:: Problem statement ::
Your answer should be the records again, unchanged in wording and free of images.

:: Supplied data ::
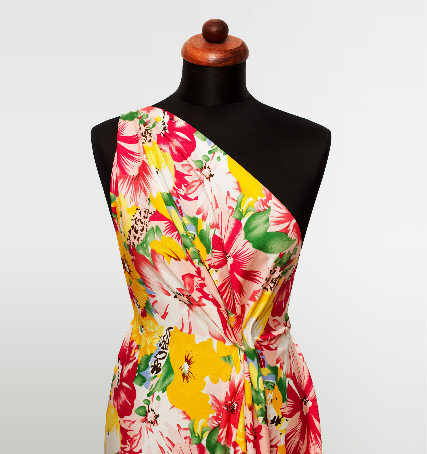 Wzorzysta tkanina wiskozowa, idealna na sukienki, spódnice i bluzki. Wykonana z włókien naturalnego pochodzenia, charakteryzuje się świetną przepuszczalnością powietrza. Jest lekka, zwiewna, układa się miękko i lejąco. Ze względu na swoje właściwości tkaniny tego typu świetnie nadają się na luźniejsze lub rozkloszowane fasony, bardzo ładnie prezentują się przy falbanach lub marszczeniach.
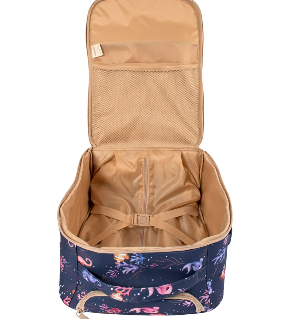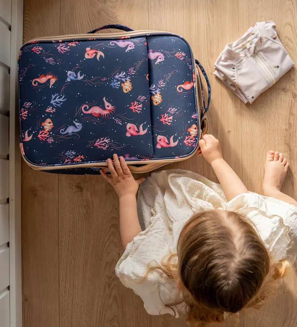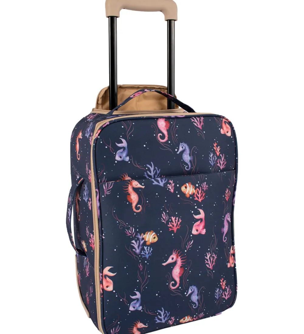 Smart Filibabba kuffert i navyblå med print af fisk, søheste og koraller i lilla, blå og rosa.
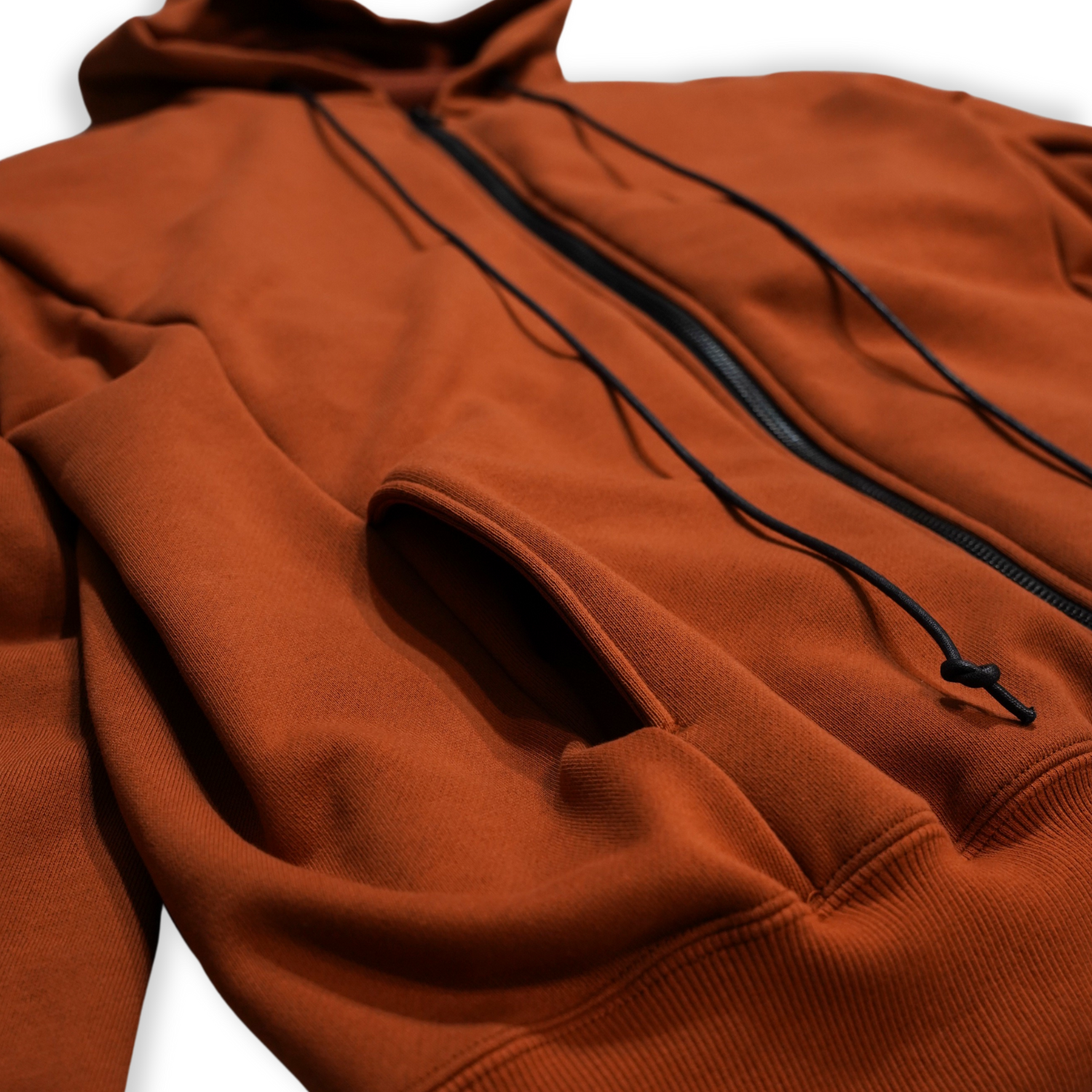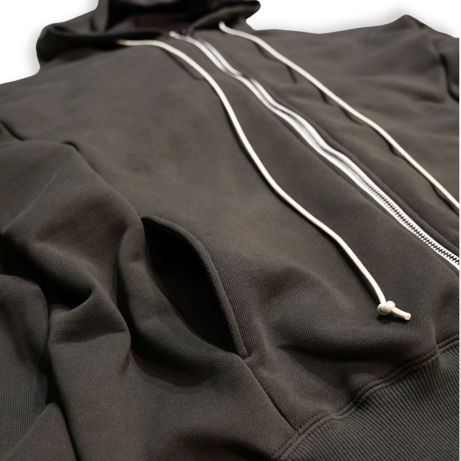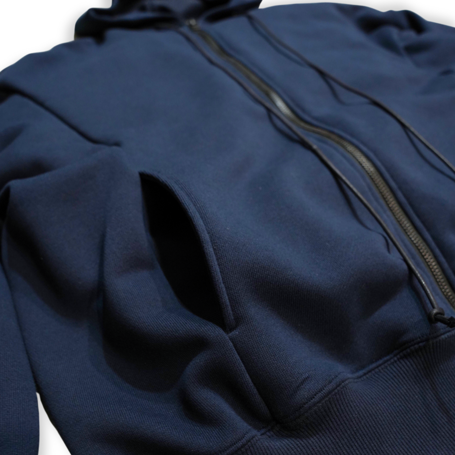 ZIPで羽織るスタイルも可能となり、より幅広いシーンで着やすいパーカーに仕上がっています。
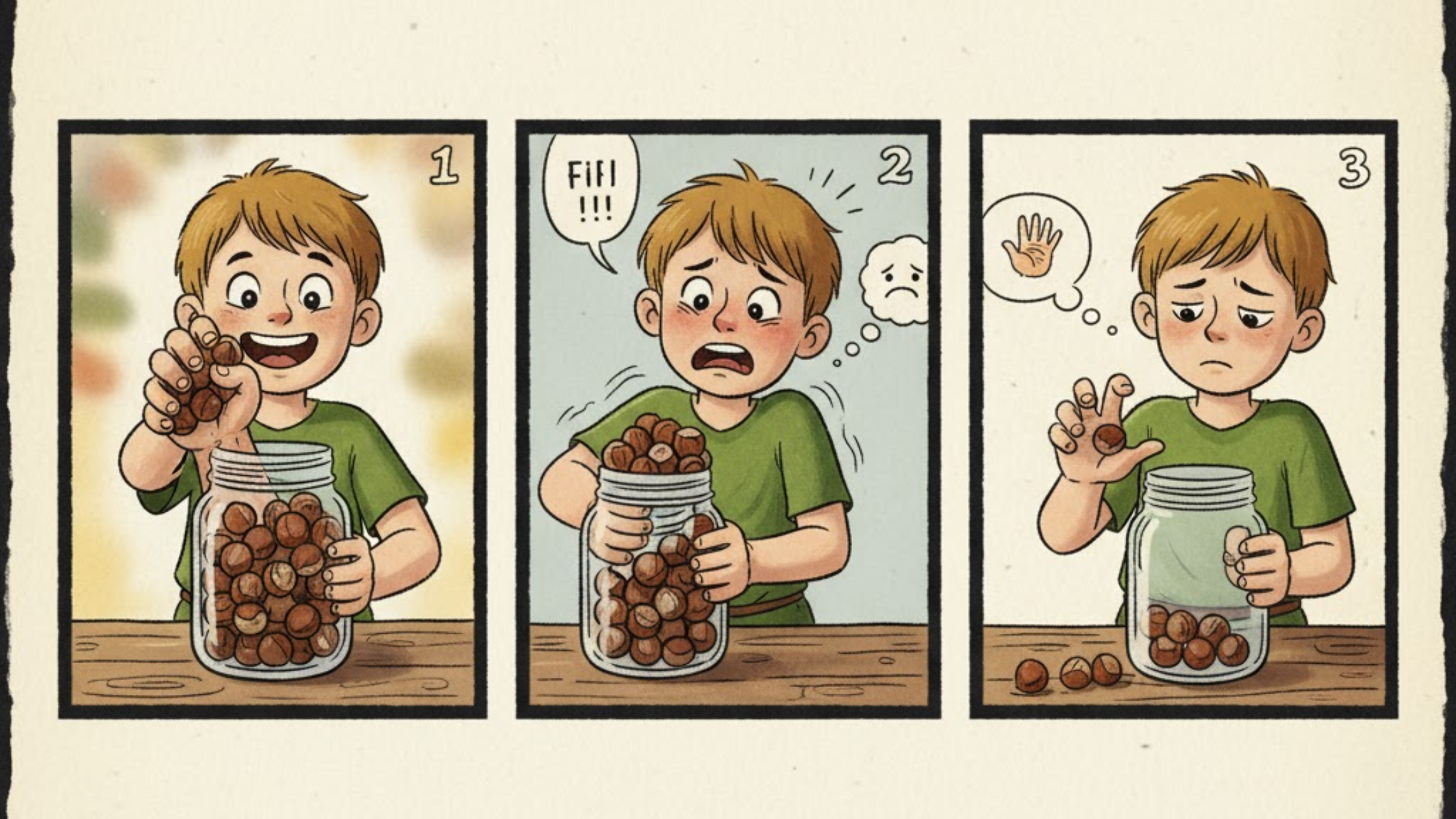 A boy reaches into a jar for filberts, but when he grabs too many, his hand gets stuck and here was no one to help him. And after sometime he’s forced to let go of someone to free himself.
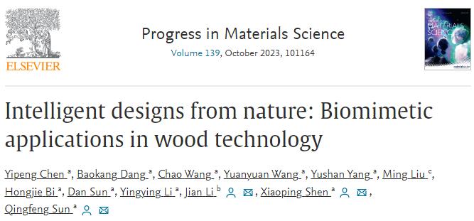 7月22日,化材學院林業工程學科生物質仿生智能研究團隊在材料科學領域國際頂尖期刊《Prog. Mater Sci.》(中科院1區Top,IF=37.4)在線發表題為“Intelligent designs from nature: biomimetic applications in wood technology”(木材仿生智能科學與技術)的綜述論文。第一作者是該團隊博士陳逸鵬,通訊作者為東北林業大學李堅院士、浙江農林大學沈曉萍副教授和孫慶豐教授。浙江農林大學化學與材料工程學院為該論文第一單位和通訊作者單位。
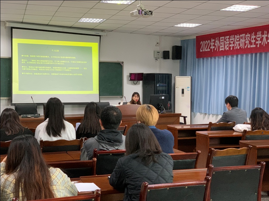 2021级外国语言学及应用语言学专业的阿旳尔各同学,从输入、输出与阅读文献等几个方向分享了她的经验。其中,读书报告与读书规划对她论文研究起到了重要作用。她还提到了研究生应建立自己的语料库,并且学习各种技能的重要性,比如对SPSS和Python的学习。
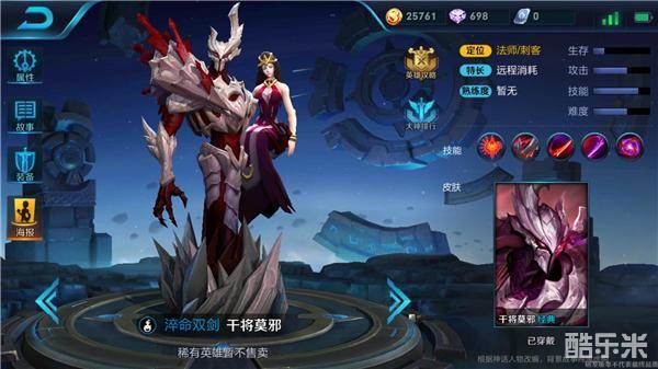 对于干将莫邪简易的实战技巧今天说到这里就要告一段落啦。理性地来分析一下,干将莫邪操作难度大最重要的原因就是技能瞄准的方式比较特殊,其他方面和普通的后排法师没有什么两样,技能命中率需要多加练习,而且永远都是一味的向前施法,游戏的趣味性也少了很多,如果能掌握这种奇特的施法方式,用这位新英雄作为赛季中后期上分的倚靠倒是很有意思呢!
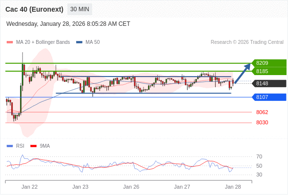 在 8107 之上,看涨,目标价位为 8185 ,然后为 8209 。
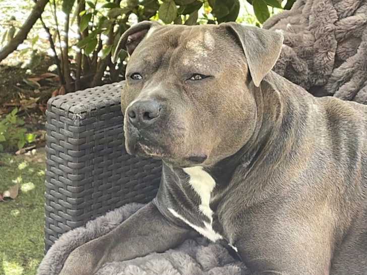 Je vous présente Tooki, mon American Staffordshire Terrier de 6 ans. Il est à droite sur la photo. C'est le frère de Boston et de Fuego. Il est issu d'une lignée de pure race, de couleur bleue. Je...

:: Written answer ::
 Wzorzysta tkanina wiskozowa, idealna na sukienki, spódnice i bluzki. Wykonana z włókien naturalnego pochodzenia, charakteryzuje się świetną przepuszczalnością powietrza. Jest lekka, zwiewna, układa się miękko i lejąco. Ze względu na swoje właściwości tkaniny tego typu świetnie nadają się na luźniejsze lub rozkloszowane fasony, bardzo ładnie prezentują się przy falbanach lub marszczeniach.
 Smart Filibabba kuffert i navyblå med print af fisk, søheste og koraller i lilla, blå og rosa.
 ZIPで羽織るスタイルも可能となり、より幅広いシーンで着やすいパーカーに仕上がっています。
 A boy reaches into a jar for filberts, but when he grabs too many, his hand gets stuck and here was no one to help him. And after sometime he’s forced to let go of someone to free himself.
 7月22日,化材學院林業工程學科生物質仿生智能研究團隊在材料科學領域國際頂尖期刊《Prog. Mater Sci.》(中科院1區Top,IF=37.4)在線發表題為“Intelligent designs from nature: biomimetic applications in wood technology”(木材仿生智能科學與技術)的綜述論文。第一作者是該團隊博士陳逸鵬,通訊作者為東北林業大學李堅院士、浙江農林大學沈曉萍副教授和孫慶豐教授。浙江農林大學化學與材料工程學院為該論文第一單位和通訊作者單位。
 2021级外国语言学及应用语言学专业的阿旳尔各同学,从输入、输出与阅读文献等几个方向分享了她的经验。其中,读书报告与读书规划对她论文研究起到了重要作用。她还提到了研究生应建立自己的语料库,并且学习各种技能的重要性,比如对SPSS和Python的学习。
 对于干将莫邪简易的实战技巧今天说到这里就要告一段落啦。理性地来分析一下,干将莫邪操作难度大最重要的原因就是技能瞄准的方式比较特殊,其他方面和普通的后排法师没有什么两样,技能命中率需要多加练习,而且永远都是一味的向前施法,游戏的趣味性也少了很多,如果能掌握这种奇特的施法方式,用这位新英雄作为赛季中后期上分的倚靠倒是很有意思呢!
 在 8107 之上,看涨,目标价位为 8185 ,然后为 8209 。
 Je vous présente Tooki, mon American Staffordshire Terrier de 6 ans. Il est à droite sur la photo. C'est le frère de Boston et de Fuego. Il est issu d'une lignée de pure race, de couleur bleue. Je...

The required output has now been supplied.